> _Instructions for the task_:
Each line of the data must reappear exactly in your answer, with no images included.

> _Information supplied_:
________

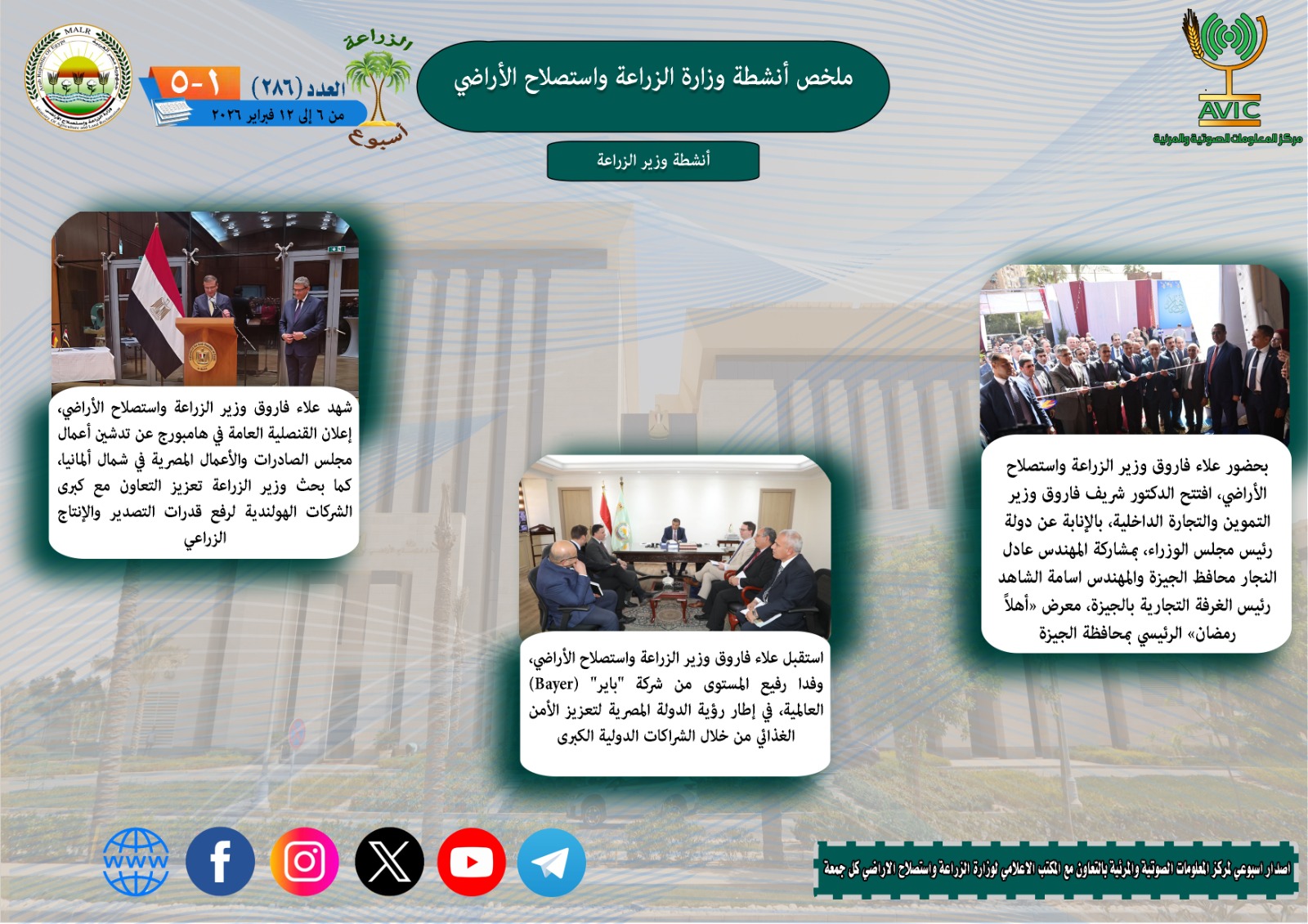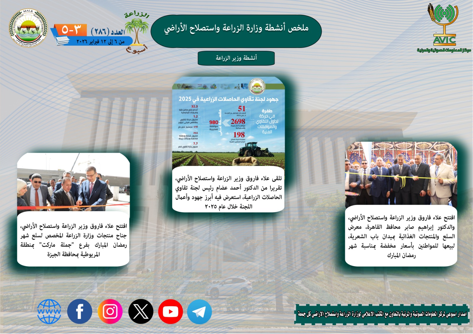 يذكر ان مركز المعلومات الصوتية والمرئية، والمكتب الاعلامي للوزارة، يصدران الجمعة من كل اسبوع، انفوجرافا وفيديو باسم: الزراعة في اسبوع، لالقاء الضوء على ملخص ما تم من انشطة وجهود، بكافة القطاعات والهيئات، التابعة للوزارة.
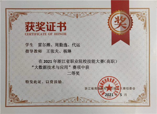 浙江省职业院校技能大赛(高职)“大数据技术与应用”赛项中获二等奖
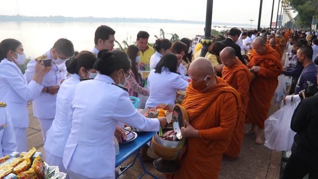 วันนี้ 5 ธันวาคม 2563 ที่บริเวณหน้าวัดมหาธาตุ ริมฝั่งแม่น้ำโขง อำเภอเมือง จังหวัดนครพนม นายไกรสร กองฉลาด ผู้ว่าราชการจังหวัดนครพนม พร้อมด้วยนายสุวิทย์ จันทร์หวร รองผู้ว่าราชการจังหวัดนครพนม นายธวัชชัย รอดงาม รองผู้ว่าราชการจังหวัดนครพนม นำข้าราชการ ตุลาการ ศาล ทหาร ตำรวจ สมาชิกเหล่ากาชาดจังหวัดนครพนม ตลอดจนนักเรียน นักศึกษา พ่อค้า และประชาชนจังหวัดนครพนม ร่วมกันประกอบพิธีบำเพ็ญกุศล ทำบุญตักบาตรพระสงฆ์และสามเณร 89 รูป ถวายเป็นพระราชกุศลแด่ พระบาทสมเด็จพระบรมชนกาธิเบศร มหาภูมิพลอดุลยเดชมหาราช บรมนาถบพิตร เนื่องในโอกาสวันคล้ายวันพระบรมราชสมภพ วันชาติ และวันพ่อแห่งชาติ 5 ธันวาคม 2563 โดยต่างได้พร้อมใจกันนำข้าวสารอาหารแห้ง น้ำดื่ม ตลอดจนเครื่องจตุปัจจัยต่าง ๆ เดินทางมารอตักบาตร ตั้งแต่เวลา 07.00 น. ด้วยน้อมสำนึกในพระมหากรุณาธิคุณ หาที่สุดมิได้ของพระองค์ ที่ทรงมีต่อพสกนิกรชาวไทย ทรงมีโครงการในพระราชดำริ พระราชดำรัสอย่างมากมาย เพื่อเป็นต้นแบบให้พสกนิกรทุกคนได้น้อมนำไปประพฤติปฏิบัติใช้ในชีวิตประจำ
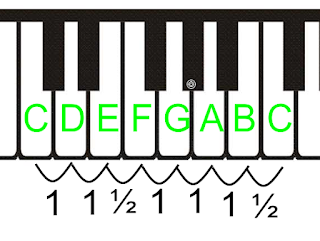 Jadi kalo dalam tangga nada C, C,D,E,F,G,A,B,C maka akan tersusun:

________

> _Response to this task_:
 يذكر ان مركز المعلومات الصوتية والمرئية، والمكتب الاعلامي للوزارة، يصدران الجمعة من كل اسبوع، انفوجرافا وفيديو باسم: الزراعة في اسبوع، لالقاء الضوء على ملخص ما تم من انشطة وجهود، بكافة القطاعات والهيئات، التابعة للوزارة.
 浙江省职业院校技能大赛(高职)“大数据技术与应用”赛项中获二等奖
 วันนี้ 5 ธันวาคม 2563 ที่บริเวณหน้าวัดมหาธาตุ ริมฝั่งแม่น้ำโขง อำเภอเมือง จังหวัดนครพนม นายไกรสร กองฉลาด ผู้ว่าราชการจังหวัดนครพนม พร้อมด้วยนายสุวิทย์ จันทร์หวร รองผู้ว่าราชการจังหวัดนครพนม นายธวัชชัย รอดงาม รองผู้ว่าราชการจังหวัดนครพนม นำข้าราชการ ตุลาการ ศาล ทหาร ตำรวจ สมาชิกเหล่ากาชาดจังหวัดนครพนม ตลอดจนนักเรียน นักศึกษา พ่อค้า และประชาชนจังหวัดนครพนม ร่วมกันประกอบพิธีบำเพ็ญกุศล ทำบุญตักบาตรพระสงฆ์และสามเณร 89 รูป ถวายเป็นพระราชกุศลแด่ พระบาทสมเด็จพระบรมชนกาธิเบศร มหาภูมิพลอดุลยเดชมหาราช บรมนาถบพิตร เนื่องในโอกาสวันคล้ายวันพระบรมราชสมภพ วันชาติ และวันพ่อแห่งชาติ 5 ธันวาคม 2563 โดยต่างได้พร้อมใจกันนำข้าวสารอาหารแห้ง น้ำดื่ม ตลอดจนเครื่องจตุปัจจัยต่าง ๆ เดินทางมารอตักบาตร ตั้งแต่เวลา 07.00 น. ด้วยน้อมสำนึกในพระมหากรุณาธิคุณ หาที่สุดมิได้ของพระองค์ ที่ทรงมีต่อพสกนิกรชาวไทย ทรงมีโครงการในพระราชดำริ พระราชดำรัสอย่างมากมาย เพื่อเป็นต้นแบบให้พสกนิกรทุกคนได้น้อมนำไปประพฤติปฏิบัติใช้ในชีวิตประจำ
 Jadi kalo dalam tangga nada C, C,D,E,F,G,A,B,C maka akan tersusun:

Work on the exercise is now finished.